This milestone marks a pivotal development for Cyprus's investment landscape, introducing a formal mechanism to screen foreign investments that may affect national security or public order. It is therefore crucial that foreign investors understand how this framework may impact their investment strategies going forward.
Key Takeaways from the New FDI Framework
Under the new law, foreign investors (i.e. natural or legal persons from outside the EU/EEA/Switzerland) will face mandatory filing requirements before investing in enterprises operating within strategically important or sensitive sectors.

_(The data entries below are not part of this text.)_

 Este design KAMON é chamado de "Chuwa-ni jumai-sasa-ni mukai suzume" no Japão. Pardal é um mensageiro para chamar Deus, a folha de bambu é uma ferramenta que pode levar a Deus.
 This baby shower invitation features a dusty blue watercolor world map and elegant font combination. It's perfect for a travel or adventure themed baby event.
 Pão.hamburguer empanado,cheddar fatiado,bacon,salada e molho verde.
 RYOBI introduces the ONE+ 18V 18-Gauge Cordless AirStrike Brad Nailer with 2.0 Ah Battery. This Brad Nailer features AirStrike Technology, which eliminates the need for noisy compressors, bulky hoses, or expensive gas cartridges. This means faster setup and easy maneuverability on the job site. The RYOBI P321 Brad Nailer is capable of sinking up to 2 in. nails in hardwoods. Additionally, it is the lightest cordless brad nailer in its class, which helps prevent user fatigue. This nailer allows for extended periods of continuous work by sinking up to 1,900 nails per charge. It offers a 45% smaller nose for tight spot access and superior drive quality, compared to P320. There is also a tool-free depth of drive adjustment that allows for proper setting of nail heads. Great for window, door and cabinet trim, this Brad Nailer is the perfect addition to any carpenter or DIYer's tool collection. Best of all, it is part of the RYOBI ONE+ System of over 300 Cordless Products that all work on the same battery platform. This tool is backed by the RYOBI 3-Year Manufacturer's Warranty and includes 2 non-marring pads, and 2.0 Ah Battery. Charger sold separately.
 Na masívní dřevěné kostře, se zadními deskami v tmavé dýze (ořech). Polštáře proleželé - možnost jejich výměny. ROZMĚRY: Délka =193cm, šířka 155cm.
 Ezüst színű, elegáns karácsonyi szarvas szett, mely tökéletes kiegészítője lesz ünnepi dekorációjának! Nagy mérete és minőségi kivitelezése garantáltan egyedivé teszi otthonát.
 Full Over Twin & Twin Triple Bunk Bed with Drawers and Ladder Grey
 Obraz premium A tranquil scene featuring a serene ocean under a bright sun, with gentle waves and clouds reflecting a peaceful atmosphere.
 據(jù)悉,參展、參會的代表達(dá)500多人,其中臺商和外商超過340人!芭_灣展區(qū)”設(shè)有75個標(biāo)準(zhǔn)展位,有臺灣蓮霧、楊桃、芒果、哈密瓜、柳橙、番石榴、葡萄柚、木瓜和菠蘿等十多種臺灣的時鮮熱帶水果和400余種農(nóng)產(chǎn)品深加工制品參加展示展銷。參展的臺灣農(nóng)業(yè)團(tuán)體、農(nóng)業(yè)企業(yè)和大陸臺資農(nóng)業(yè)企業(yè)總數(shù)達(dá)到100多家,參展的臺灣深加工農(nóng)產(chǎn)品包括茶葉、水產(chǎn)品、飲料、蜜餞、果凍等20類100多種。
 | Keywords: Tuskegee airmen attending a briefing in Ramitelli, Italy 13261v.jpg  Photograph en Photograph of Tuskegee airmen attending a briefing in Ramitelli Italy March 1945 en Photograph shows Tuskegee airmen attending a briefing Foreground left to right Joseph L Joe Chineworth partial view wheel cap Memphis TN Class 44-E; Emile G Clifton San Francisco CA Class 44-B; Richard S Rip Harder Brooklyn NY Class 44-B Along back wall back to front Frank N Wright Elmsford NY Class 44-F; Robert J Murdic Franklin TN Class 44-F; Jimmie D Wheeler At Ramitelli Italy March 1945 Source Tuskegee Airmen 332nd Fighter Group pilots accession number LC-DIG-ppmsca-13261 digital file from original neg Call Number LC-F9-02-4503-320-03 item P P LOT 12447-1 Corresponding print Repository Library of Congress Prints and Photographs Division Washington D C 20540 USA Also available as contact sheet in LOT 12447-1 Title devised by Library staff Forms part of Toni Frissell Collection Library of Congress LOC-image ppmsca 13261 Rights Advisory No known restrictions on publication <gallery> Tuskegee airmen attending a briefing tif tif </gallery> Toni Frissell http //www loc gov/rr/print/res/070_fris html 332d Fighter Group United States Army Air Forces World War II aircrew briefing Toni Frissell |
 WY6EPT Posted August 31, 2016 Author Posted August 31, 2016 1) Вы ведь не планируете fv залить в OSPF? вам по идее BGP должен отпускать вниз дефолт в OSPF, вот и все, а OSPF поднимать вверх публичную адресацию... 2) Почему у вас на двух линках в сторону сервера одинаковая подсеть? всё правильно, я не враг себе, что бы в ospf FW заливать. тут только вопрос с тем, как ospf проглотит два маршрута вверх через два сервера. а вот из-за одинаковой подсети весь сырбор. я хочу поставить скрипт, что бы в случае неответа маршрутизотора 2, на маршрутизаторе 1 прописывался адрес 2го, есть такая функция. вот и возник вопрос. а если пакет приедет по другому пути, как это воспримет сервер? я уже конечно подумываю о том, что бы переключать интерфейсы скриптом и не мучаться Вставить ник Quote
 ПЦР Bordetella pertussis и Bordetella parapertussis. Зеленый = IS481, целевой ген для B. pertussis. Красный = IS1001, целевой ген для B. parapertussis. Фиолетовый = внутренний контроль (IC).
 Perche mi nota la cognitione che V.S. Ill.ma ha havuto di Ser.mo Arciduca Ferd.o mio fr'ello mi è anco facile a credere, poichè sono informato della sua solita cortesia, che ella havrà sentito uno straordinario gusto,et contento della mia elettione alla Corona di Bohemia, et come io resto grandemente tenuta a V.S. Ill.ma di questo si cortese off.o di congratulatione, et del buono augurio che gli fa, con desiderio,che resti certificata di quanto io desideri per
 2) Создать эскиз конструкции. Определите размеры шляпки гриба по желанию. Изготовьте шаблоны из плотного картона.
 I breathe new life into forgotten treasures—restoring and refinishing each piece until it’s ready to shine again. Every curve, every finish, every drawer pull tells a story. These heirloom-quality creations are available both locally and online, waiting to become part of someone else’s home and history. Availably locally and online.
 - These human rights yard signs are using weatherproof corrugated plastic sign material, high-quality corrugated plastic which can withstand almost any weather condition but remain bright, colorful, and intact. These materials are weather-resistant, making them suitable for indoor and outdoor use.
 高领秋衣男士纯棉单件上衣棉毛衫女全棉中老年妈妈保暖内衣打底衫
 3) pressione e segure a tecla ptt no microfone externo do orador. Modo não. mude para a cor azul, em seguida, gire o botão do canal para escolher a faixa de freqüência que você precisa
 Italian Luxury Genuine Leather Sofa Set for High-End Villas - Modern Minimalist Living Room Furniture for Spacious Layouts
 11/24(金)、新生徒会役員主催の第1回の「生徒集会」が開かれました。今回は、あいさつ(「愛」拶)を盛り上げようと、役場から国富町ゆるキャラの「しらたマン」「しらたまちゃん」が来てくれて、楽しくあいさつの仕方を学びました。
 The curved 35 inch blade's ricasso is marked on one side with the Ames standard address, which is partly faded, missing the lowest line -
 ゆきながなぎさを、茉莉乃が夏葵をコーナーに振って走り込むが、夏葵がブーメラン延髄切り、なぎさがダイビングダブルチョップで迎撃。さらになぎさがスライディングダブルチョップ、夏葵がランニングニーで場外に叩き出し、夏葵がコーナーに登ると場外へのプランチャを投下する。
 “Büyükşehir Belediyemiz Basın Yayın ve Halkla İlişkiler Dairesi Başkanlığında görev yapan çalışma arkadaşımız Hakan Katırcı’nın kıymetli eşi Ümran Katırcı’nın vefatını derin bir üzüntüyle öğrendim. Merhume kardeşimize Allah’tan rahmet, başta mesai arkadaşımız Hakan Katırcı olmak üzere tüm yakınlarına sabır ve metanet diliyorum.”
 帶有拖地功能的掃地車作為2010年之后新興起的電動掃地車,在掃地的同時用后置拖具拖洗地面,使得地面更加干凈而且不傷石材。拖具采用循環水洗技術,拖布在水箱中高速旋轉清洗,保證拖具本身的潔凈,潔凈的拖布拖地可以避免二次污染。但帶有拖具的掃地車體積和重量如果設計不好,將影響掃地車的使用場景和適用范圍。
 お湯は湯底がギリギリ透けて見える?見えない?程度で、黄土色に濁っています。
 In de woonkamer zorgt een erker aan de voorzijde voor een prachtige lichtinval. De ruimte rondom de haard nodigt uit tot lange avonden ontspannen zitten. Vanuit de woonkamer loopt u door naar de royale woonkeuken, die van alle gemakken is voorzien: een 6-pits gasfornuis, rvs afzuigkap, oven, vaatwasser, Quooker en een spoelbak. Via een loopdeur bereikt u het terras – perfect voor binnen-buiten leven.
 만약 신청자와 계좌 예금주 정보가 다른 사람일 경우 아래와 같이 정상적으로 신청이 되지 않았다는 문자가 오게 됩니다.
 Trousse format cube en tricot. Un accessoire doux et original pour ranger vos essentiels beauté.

Key sectors covered by the law include:
- Energy & water supply
- Transport & communications
- Media
- Financial services
- Healthcare
- Digital infrastructure and dual-use technology
- Education
- Tourism
- Defence
- Land and real estate of critical importance
To ensure comprehensive coverage, the law also provides that even where an FDI is made through an EU-based entity, the obligation to notify will still arise if that EU-based entity is 25% or more owned or controlled by third-country investors.
When Is an FDI Filing Required?
The obligation to notify an FDI transaction arises where:
- The acquisition concerns 25% or more of the voting rights or share capital in (or the corresponding ability to exercise decisive influence over the activities of) Cypriot entities active in the sensitive sectors (e.g., energy, transport, media, health, defence); and
- The value of the FDI equals or exceeds €2 million, whether through a single transaction or cumulative transactions between the same parties within a 12-month period.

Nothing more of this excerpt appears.